Destroyed giant hornet nest in Washington


Spokane, Washington (AP) — Washington officials said Thursday that they had destroyed the first giant Asian wasp nest of the season near the town of Brain on the Canadian border.

The Washington State Department of Agriculture said it had eradicated the nest on Wednesday.

The nest is located at the foot of a dead Hannoki tree in the countryside of Whatcom County, about two miles (3 km) from the nest eradicated by authorities last October, from where residents reported live sightings of Asian giants. It was about 1/4 mile away. Wasp on August 11th. The site is about a quarter mile from the Canadian border.

The giant hornet is sometimes called the murderous wasp because it preys on other bees.
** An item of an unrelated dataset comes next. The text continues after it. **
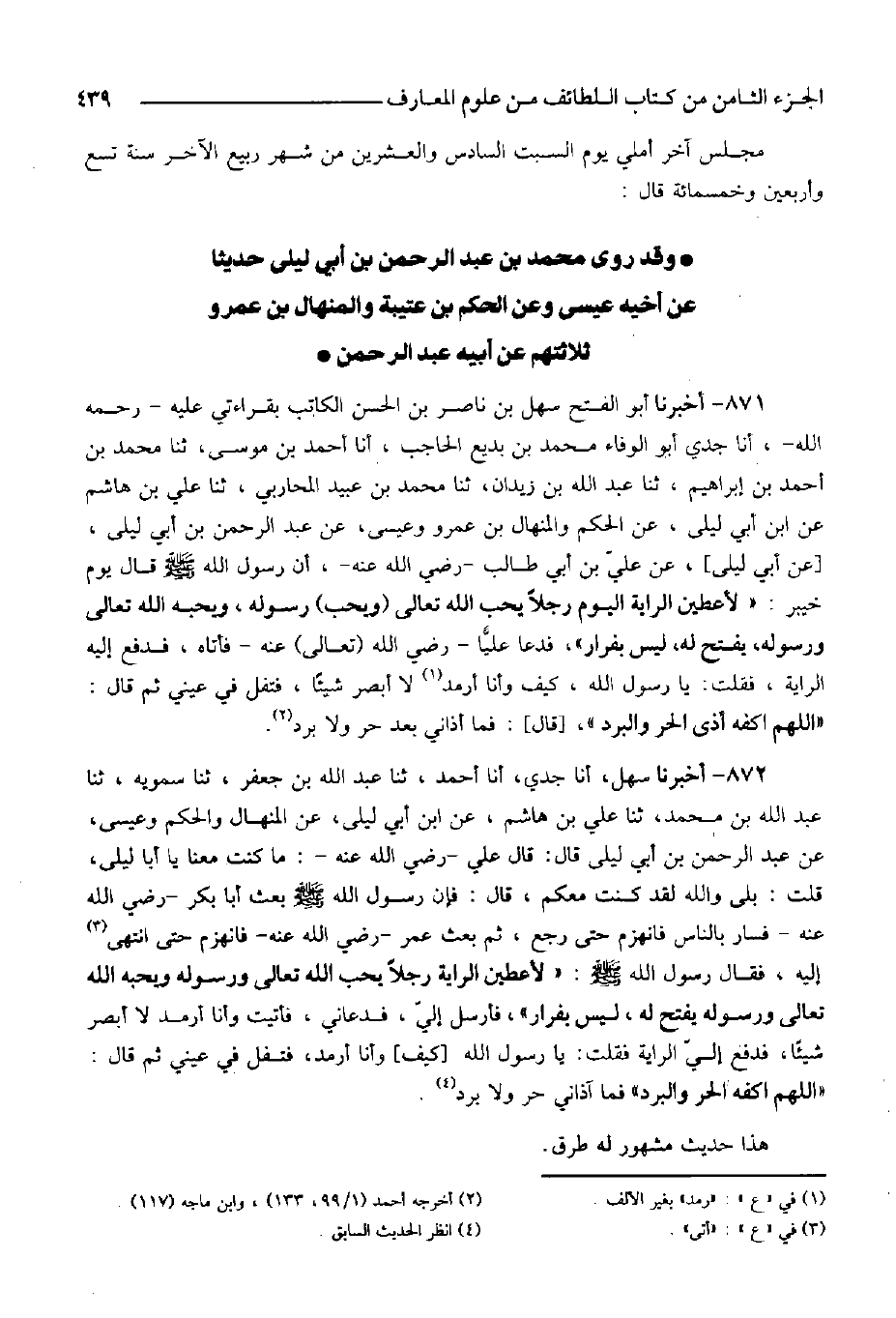 هذا لفظ الطبراني رواه جماعة عن جرير نحوه، ورواه جماعة عن يحيى بن سعيد عن أبي الزبير بن عدي (بن عدي) ، عن أبيه، ورواه محمد بن جعفر أخو إسماعيل عن يحيى بن أبي الزبير عن عدي، عن النبي صلى الله عليه وسلم مرسلاً من غير ذكر أبيه ولا عمه، فجعله الطبراني بذلك صحابياً.

The giant hornet is the largest wasp in the world and is not native to North America. They prey on bees and other insects. They can make a mass attack on the bee hive and destroy it within hours. Wasps were first detected in the United States in 2019, when wasps were reported in Whatcom County.

Insects 2 inches long (5 cm long) threaten honeybees and native wasp species. Although not particularly aggressive to humans, their stings are very painful and can be killed, although they are rarely repeatedly stung.

State workers in hazmat suits began eradication on Wednesday by vacuuming 113 wasps from their nests. The team then began removing the bark and rotten trees near the roots of the alder trees. Removing the tree revealed that Hornets had excavated the interior of the tree to create space for a nest of nine layers of combs.

The part of the tree with the nest was cut out and taken to the Washington State University Extension in Bellingham for further analysis. The nest itself contained about 1,500 wasps at various stages of development.

WSDA entomologist Sven Spichiger said: “We expect there to be more nests there, and thus hope to find them before they can spawn a new queen.”